• **PROBLEM TO WORK ON**:
An exact copy of the data is required; the images should not appear in it.

• **DATA SEGMENT**:
────

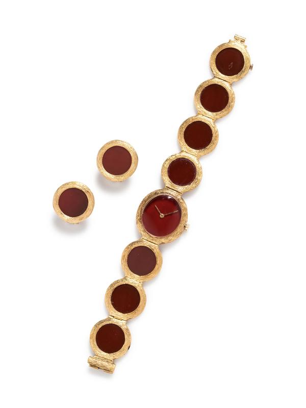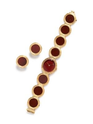 consisting of a watch, 22.00 x 22.00 mm case dimensions, carnelian dial, gold pencil hands, snap on case back, Cal. BM775 17 jewel manual wind movement signed BAUME & MERCIER, integrated bracelet containing seven carnelian plaques, fold over clasp, together with a pair of earclips containing two round carnelian plaques, posts with clip backs.
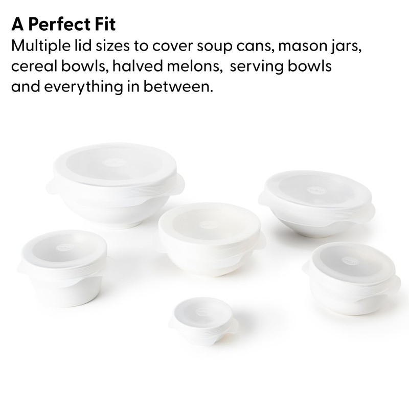 - A PERFECT FIT: Multiple lid sizes stretch to fit a variety of shapes from small tuna cans to serving bowls and everything in between. A sustainable, reusable upgrade from single-use cling wrap and foil just cover, clean, repeat. Each set includes one 2.5", 3.8", 4.5", 5.7", 6.5", and 8" lid.
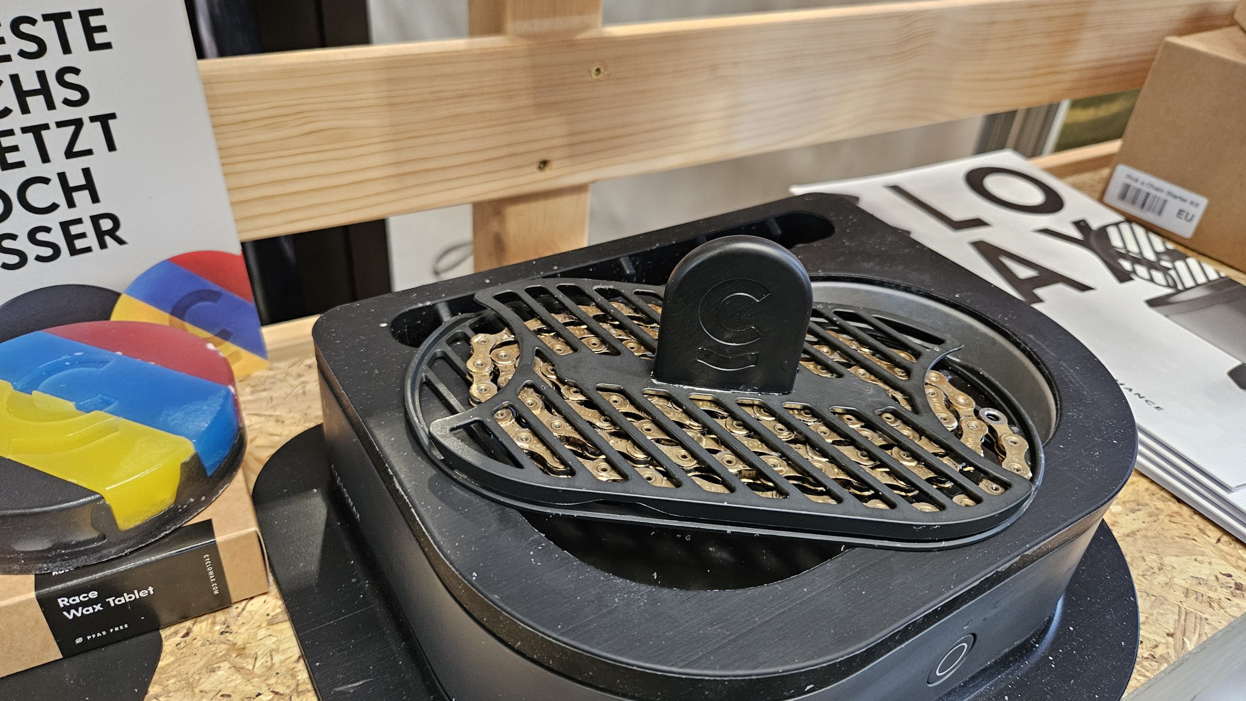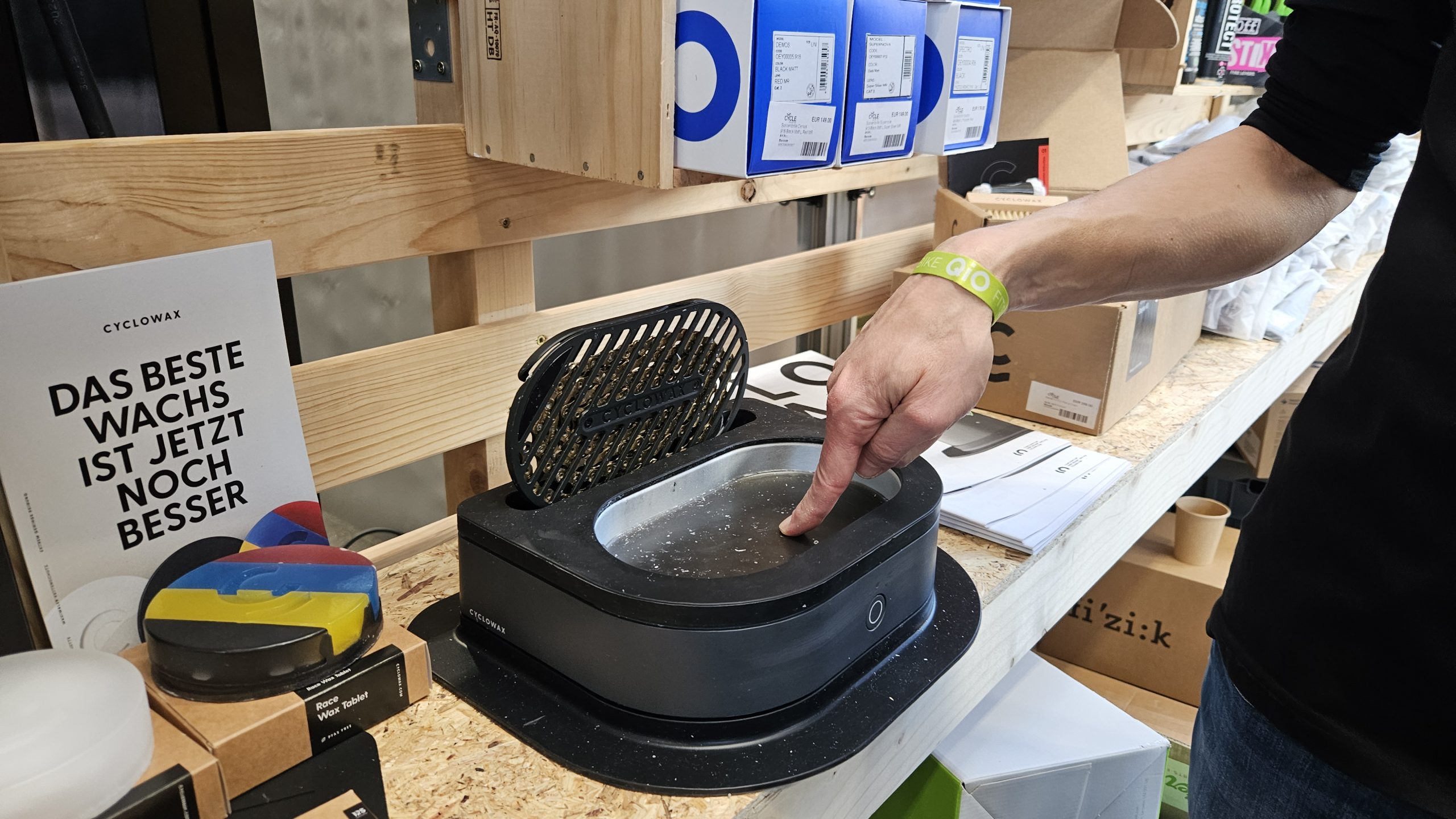 Kettenwachs von Optimize oder Cyclowax? Beide überzeugen. Der neue Kocher von Cyclowax ist allerdings gerade für Radsportler wie mich eine gute Wahl. Im Laden, wo wir immer mehrere Ketten wachsen, verwenden wir dagegen die Ultraschallkocher von Optimize.

────

• **ANSWER**:
 consisting of a watch, 22.00 x 22.00 mm case dimensions, carnelian dial, gold pencil hands, snap on case back, Cal. BM775 17 jewel manual wind movement signed BAUME & MERCIER, integrated bracelet containing seven carnelian plaques, fold over clasp, together with a pair of earclips containing two round carnelian plaques, posts with clip backs.
 - A PERFECT FIT: Multiple lid sizes stretch to fit a variety of shapes from small tuna cans to serving bowls and everything in between. A sustainable, reusable upgrade from single-use cling wrap and foil just cover, clean, repeat. Each set includes one 2.5", 3.8", 4.5", 5.7", 6.5", and 8" lid.
 Kettenwachs von Optimize oder Cyclowax? Beide überzeugen. Der neue Kocher von Cyclowax ist allerdings gerade für Radsportler wie mich eine gute Wahl. Im Laden, wo wir immer mehrere Ketten wachsen, verwenden wir dagegen die Ultraschallkocher von Optimize.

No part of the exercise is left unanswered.